◆ WHAT THIS TASK INVOLVES
Leave the images out. Give every line below again, precisely.

[[ DATA TO PROCESS open ]]

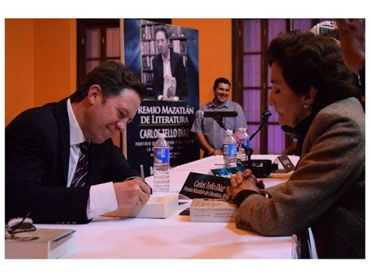 Carlo Tello Diaz ganador del Premio Mazatlán de Literatura por el libro Porfirio Díaz su vida y su tiempo, dio a conocer su libro en una comida el jueves a medio día, ante un grupo de empresarios en la Ciudad de México, su presentador fue el Secretario de Cultura Rafael Tovar y de Teresa.
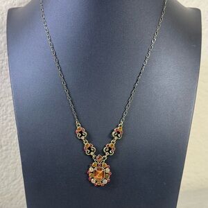 Vintage Avon Topaz Red Rhinestone Lariat Drop Necklace w/ Bronze Color Chain
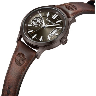 Cette montre Timberland a un boîtier Inox 45 mm en diamètre et est équipée d'un bracelet cuir. Le boîtier contient un mouvement Seiko Instruments Inc. et la montre est dotée d'un cristal Minéral..
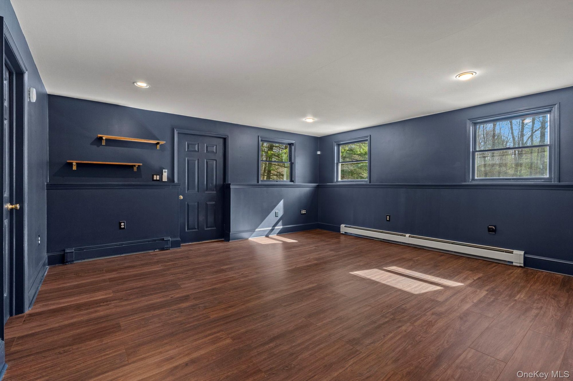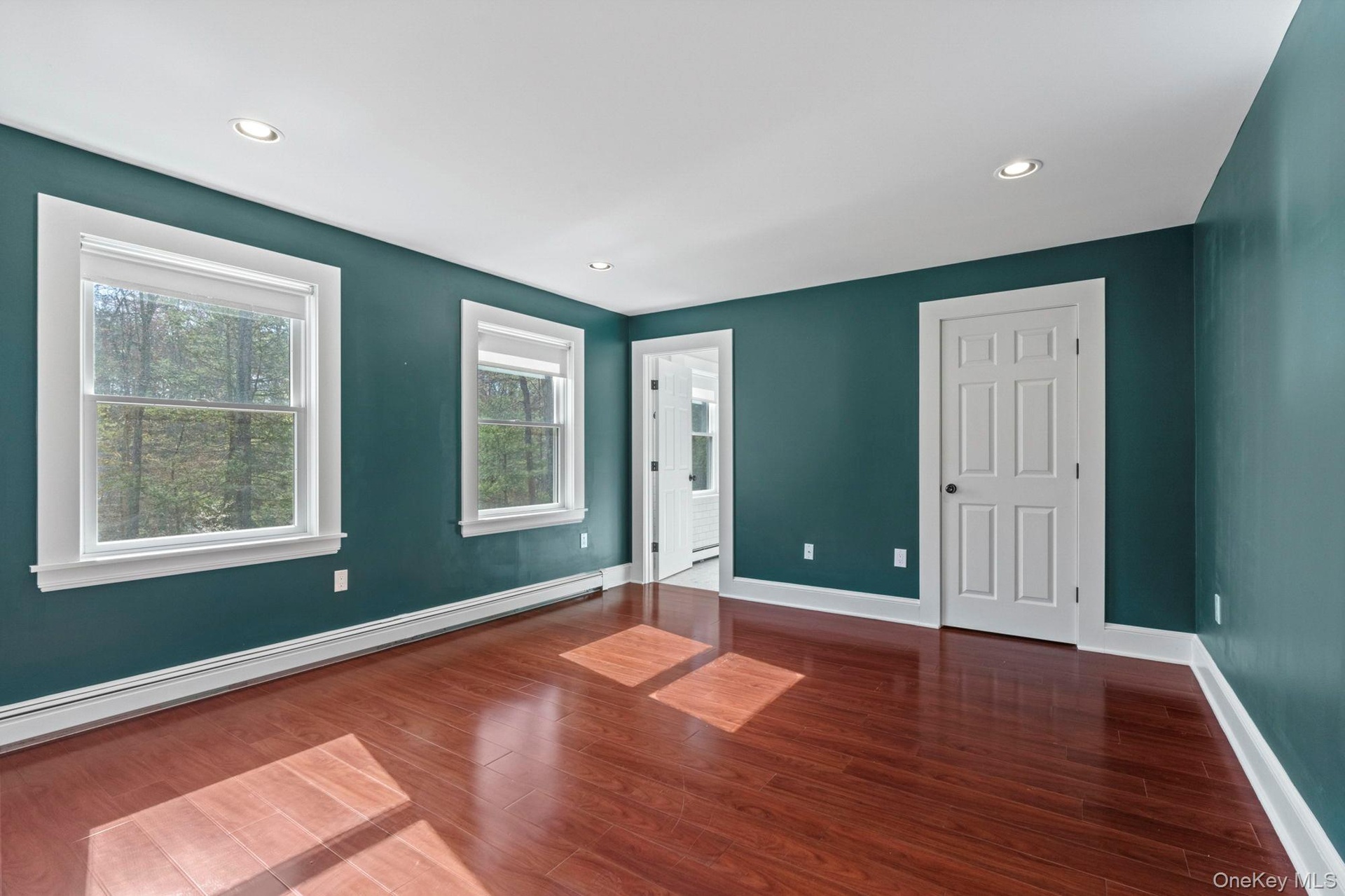 - Unfurnished room with a baseboard radiator, baseboards, wood finished floors, and recessed lighting
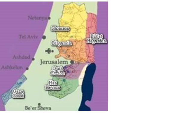 In the map below, the area above Jerusalem is Samaria and below is Judea – each divided into sub-regions. (Bik’at Hayarden is the Jordan Valley.)
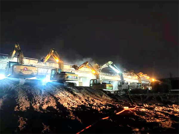 在施工現場,隨著指揮員的一聲令下,50多臺設備齊裝上陣,轟隆作業(yè)。由于該兩座橋同時上跨京滬高速公路,現場作業(yè)空間有限。為確保此次拆橋任務安全順利進行,同時降低施工影響,京滬高速公路HA4標項目部對施工現場進行詳細調查,多次組織召開專家施工方案評審會,反復論證,細化橋梁拆除方案,精準把控施工計劃;項目部領導班子和管理人員,全稱盯控,確保拆除工作萬無一失。
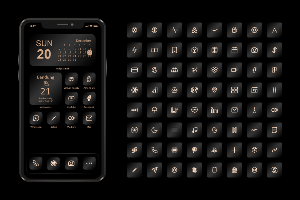 A simple, elegant icon set of 145 custom app icons, made for iOS 14 and above. Includes wallpapers, instructions, with light gold, rose gold, grayish blue and red color options. Purchase and get access to new design, with a link to download the new files.
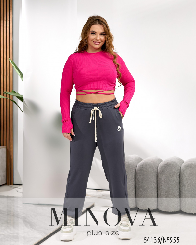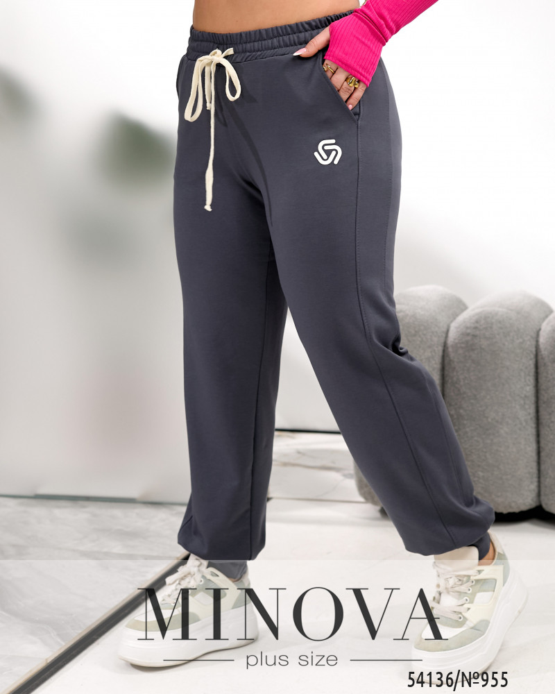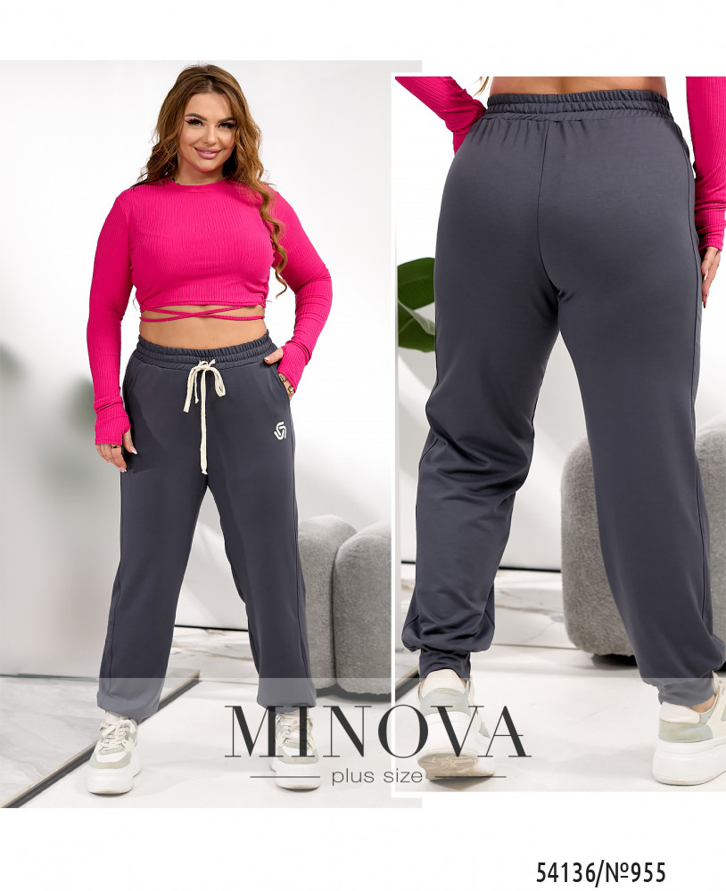 54-56 р-р: довжина брюк по внутрішньому шву 76см, довжина брюк по зовнішньому шву з урахуванням пояса 104см, ОТ - 80-118см, ОС - 122см.
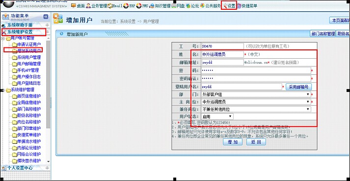 录入姓名、邮箱地址、密码、登录名、部门选择外部客户组、主岗位选择刚刚所添加的岗位中外运调度员
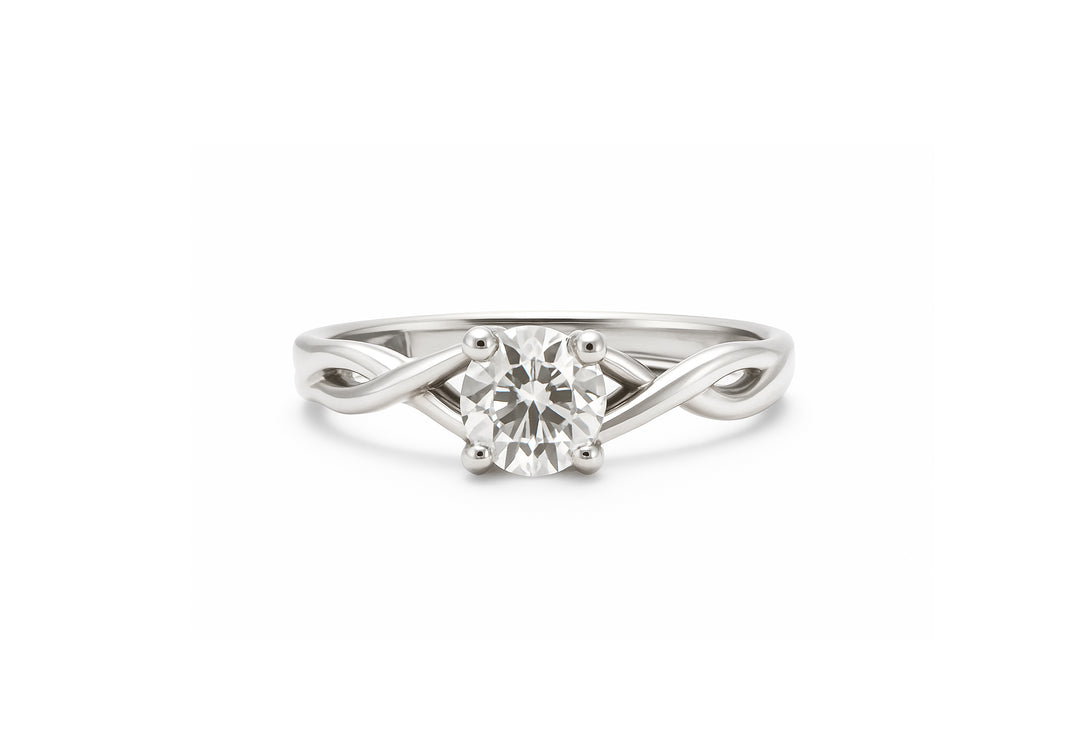 Women's ring with the infinity symbol set with a moissanite stone.
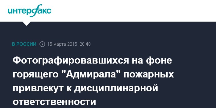 Фотографировавшихся на фоне горящего "Адмирала" пожарных привлекут к дисциплинарной ответственности
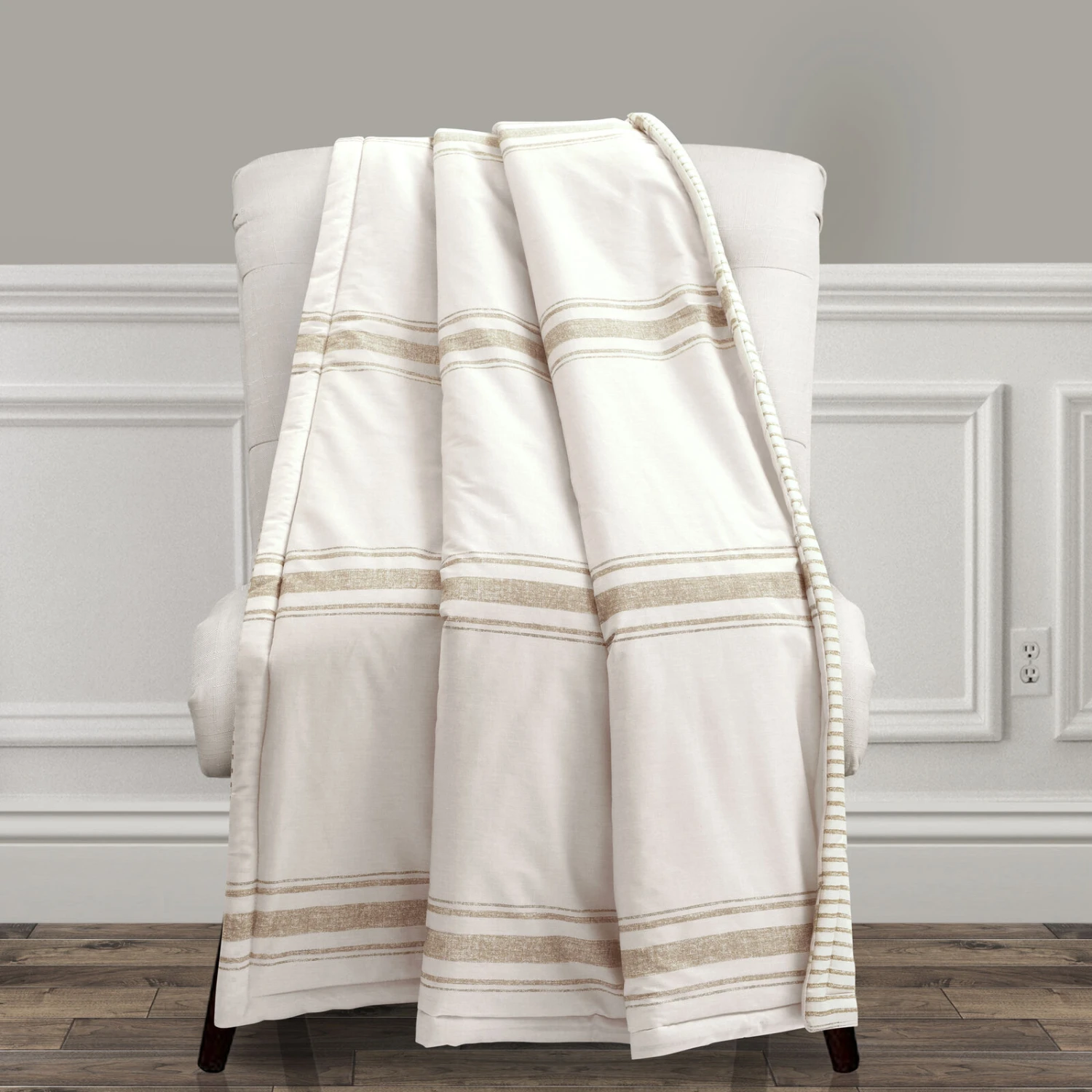 There is no easier way to add traditional farmhouse style to your home than with this reversible cotton throw. The printing on the front is reminiscent of shiplap beams. The back features a pinstripe print. This throw would look great on a bed or sofa.

[[ DATA TO PROCESS closed ]]

◆ ANSWER BELOW
 Carlo Tello Diaz ganador del Premio Mazatlán de Literatura por el libro Porfirio Díaz su vida y su tiempo, dio a conocer su libro en una comida el jueves a medio día, ante un grupo de empresarios en la Ciudad de México, su presentador fue el Secretario de Cultura Rafael Tovar y de Teresa.
 Vintage Avon Topaz Red Rhinestone Lariat Drop Necklace w/ Bronze Color Chain
 Cette montre Timberland a un boîtier Inox 45 mm en diamètre et est équipée d'un bracelet cuir. Le boîtier contient un mouvement Seiko Instruments Inc. et la montre est dotée d'un cristal Minéral..
 - Unfurnished room with a baseboard radiator, baseboards, wood finished floors, and recessed lighting
 In the map below, the area above Jerusalem is Samaria and below is Judea – each divided into sub-regions. (Bik’at Hayarden is the Jordan Valley.)
 在施工現場,隨著指揮員的一聲令下,50多臺設備齊裝上陣,轟隆作業(yè)。由于該兩座橋同時上跨京滬高速公路,現場作業(yè)空間有限。為確保此次拆橋任務安全順利進行,同時降低施工影響,京滬高速公路HA4標項目部對施工現場進行詳細調查,多次組織召開專家施工方案評審會,反復論證,細化橋梁拆除方案,精準把控施工計劃;項目部領導班子和管理人員,全稱盯控,確保拆除工作萬無一失。
 A simple, elegant icon set of 145 custom app icons, made for iOS 14 and above. Includes wallpapers, instructions, with light gold, rose gold, grayish blue and red color options. Purchase and get access to new design, with a link to download the new files.
 54-56 р-р: довжина брюк по внутрішньому шву 76см, довжина брюк по зовнішньому шву з урахуванням пояса 104см, ОТ - 80-118см, ОС - 122см.
 录入姓名、邮箱地址、密码、登录名、部门选择外部客户组、主岗位选择刚刚所添加的岗位中外运调度员
 Women's ring with the infinity symbol set with a moissanite stone.
 Фотографировавшихся на фоне горящего "Адмирала" пожарных привлекут к дисциплинарной ответственности
 There is no easier way to add traditional farmhouse style to your home than with this reversible cotton throw. The printing on the front is reminiscent of shiplap beams. The back features a pinstripe print. This throw would look great on a bed or sofa.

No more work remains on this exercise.